Identification of a Novel Variant in EARS2 Associated with a Severe Clinical Phenotype Expands the Clinical Spectrum of LTBL

Abstract

The EARS2 nuclear gene encodes mitochondrial glutamyl-tRNA synthetase, a member of the class I family of aminoacyl-tRNA synthetases (aaRSs) that plays a crucial role in mitochondrial protein biosynthesis by catalyzing the charging of glutamate to mitochondrial tRNA(Glu). Pathogenic EARS2 variants have been associated with a rare mitochondrial disorder known as leukoencephalopathy with thalamus and brainstem involvement and high lactate (LTBL). The targeted sequencing of 150 nuclear genes encoding respiratory chain complex subunits and proteins implicated in the oxidative phosphorylation (OXPHOS) function was performed. The oxygen consumption rate (OCR), and the extracellular acidification rate (ECAR), were measured. The enzymatic activities of Complexes I-V were analyzed spectrophotometrically. We describe a patient carrying two heterozygous EARS2 variants, c.376C>T (p.Gln126*) and c.670G>A (p.Gly224Ser), with infantile-onset disease and a severe clinical presentation. We demonstrate a clear defect in mitochondrial function in the patient's fibroblasts, suggesting the molecular mechanism underlying the pathogenicity of these EARS2 variants. Experimental validation using patient-derived fibroblasts allowed an accurate characterization of the disease-causing variants, and by comparing our patient's clinical presentation with that of previously reported cases, new clinical and radiological features of LTBL were identified, expanding the clinical spectrum of this disease.

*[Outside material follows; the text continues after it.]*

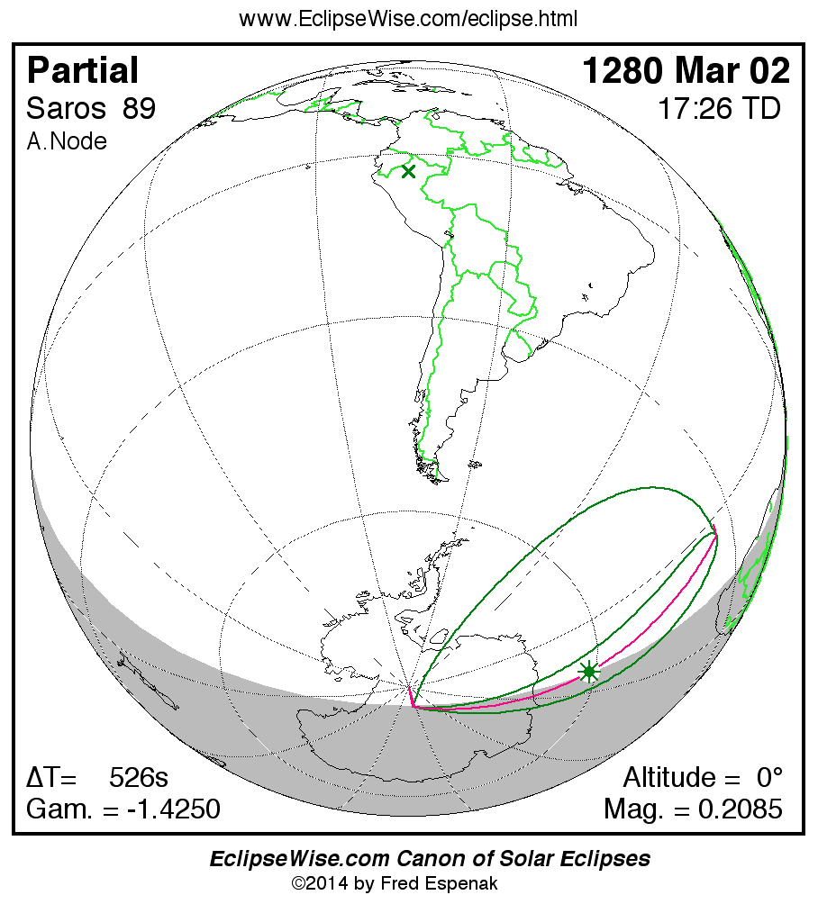 The instant of greatest eclipse takes place on 1280 Mar 02 at 17:25:35 TD (17:16:49 UT1).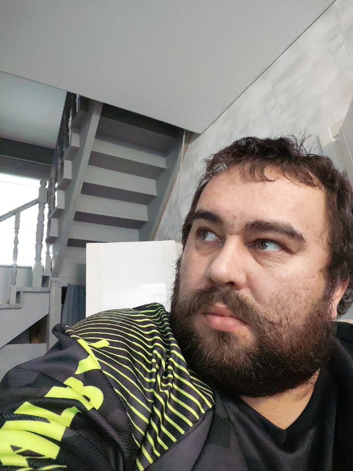 A close-up photograph depicts an adult male within an indoor setting. The male subject has dark, curly hair, a full dark beard, and blue-green eyes directed upwards and to the viewer's left. He wears a black V-neck shirt underneath a dark garment featuring neon green wavy stripes and solid patterns on the right shoulder and upper chest area. In the background, a light-toned wooden staircase with a turned balustrade ascends towards the left, adjacent to a window emitting diffused light. A white panel, consistent with a door or cabinet, is positioned to the right of the staircase. The wall behind the subject exhibits a light gray, textured finish, and the ceiling is white. The scene is situated in the city of Unknown, Unknown.

Keywords: EARS2; LTBL; aminoacyl-tRNA synthetases; mitochondrial disorders.

Figure 1

Reverse sequence chromatograms showing the results of Sanger sequencing. (A) The missense variant c.670G>A (p.Gly224Ser), located in exon 4, was inherited from the patient’s mother and the nonsense variant c.376C>T (p.Gln126*), located in exon3, from the father. The patient harbored both variants in EARS2 in compound heterozygosity. (B) Schematic showing EARS2 domains in which all variants identified to date in leukoencephalopathy with thalamus and brainstem involvement and high lactate (LTBL) patients are highlighted.

Figure 2

(A) Oxygen consumption rate (OCR) measured before and after the addition of inhibitors. The Seahorse XF Cell Mito Stress Test uses compounds of respiration that target components of the electron transport chain (ETC) in the mitochondria to reveal key parameters of the metabolic functions. These modulators are ETC inhibitors (oligomycin, carbonyl cyanide 4-(trifluoromethoxy) phenylhydrazone (FCCP), and a mixture of rotenone and antimycin A), which are serially injected to measure the ATP production, maximal respiration (Max Resp), nonmitochondrial respiration (Non-Mito Resp), proton leak, spare respiratory capacity (SRC), and basal respiration (Basal Resp). (B) The basal energy metabolism of each cell line was assessed by analyzing the OCR/extracellular acidification rate (ECAR) ratios following the sequential injection of the inhibitors. (C) Measurements of the enzyme activities for the different oxidative phosphorylation (OXPHOS) complexes in the patient’s fibroblasts (reference range deemed in a healthy population). CS, citrate synthase.

Figure 3

MRI images of our patient acquired at 10 (A) and 15 (B) years of age, showing complete agenesis of the corpus callosum (indicated with a red star) and cerebellar atrophy (indicated with white arrows). Note also the dilation of the fourth ventricle and enlargement of the interfolial spaces within a normal-sized posterior fossa.